Playlistsmith

Content-based clustering for music libraries (recommendation planned). You hand Playlistsmith a CSV track list; it computes audio features for those tracks, clusters them by sound, and writes one playlist CSV per cluster.

New here? Start with the tutorial. The annotated vignette in docs/vignette.ipynb walks through the whole pipeline end to end — from an Exportify CSV to a set of exported playlists — with screenshots, a worked rock-vs-classical example, and both the GUI and Python API. Run it from the docs/ directory so the relative paths resolve.

Motivation

This package grew out of my own habit of dumping every song I ever liked into a single, ever-growing playlist. Splitting that by hand is hopeless. Playlistsmith is meant to make "turn this pile of tracks into a set of coherent playlists" automatic — for me, and for anyone else with the same problem.

How it works

Input: a preformatted CSV

Playlistsmith does not talk to Spotify, scrape it, or pull anything from your account. It works purely from a CSV you provide. The expected layout is the one produced by Exportify — a free, browser-based tool that exports a Spotify playlist to a ;-delimited CSV. You run Exportify yourself and feed the resulting file in.

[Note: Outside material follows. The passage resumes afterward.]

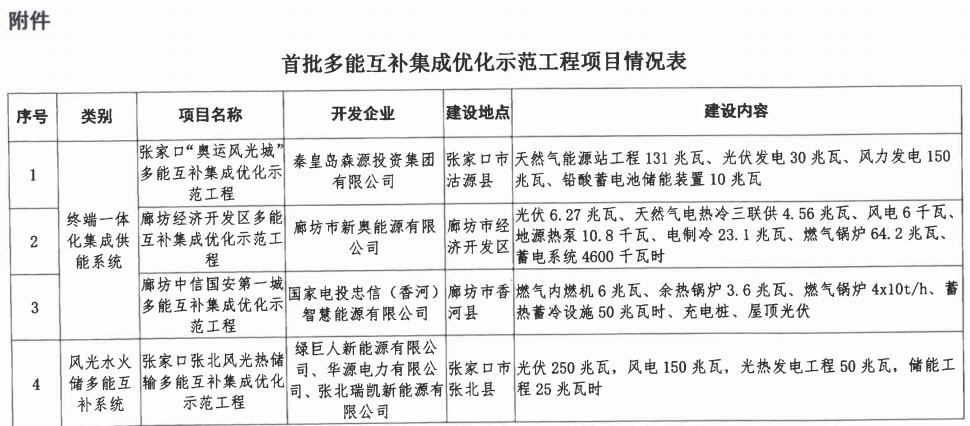 附件:首批多能互補集成優(yōu)化示范工程項目情況表

Only three fields are used: the track title, the artist name(s), and the bare Spotify track ID (parsed out of the spotify:track:<id> URI). Every other column in the export is ignored. Rows without a Spotify track ID are dropped on load. A synthetic, Exportify-shaped fixture (no real Spotify content) lives at tests/example_tracklist.csv.

Pipeline

CSV → io.csv_loader.TrackLibrary → features.extract(mode=...) → (features_df, CoverageReport) → [clustering] → [playlist export]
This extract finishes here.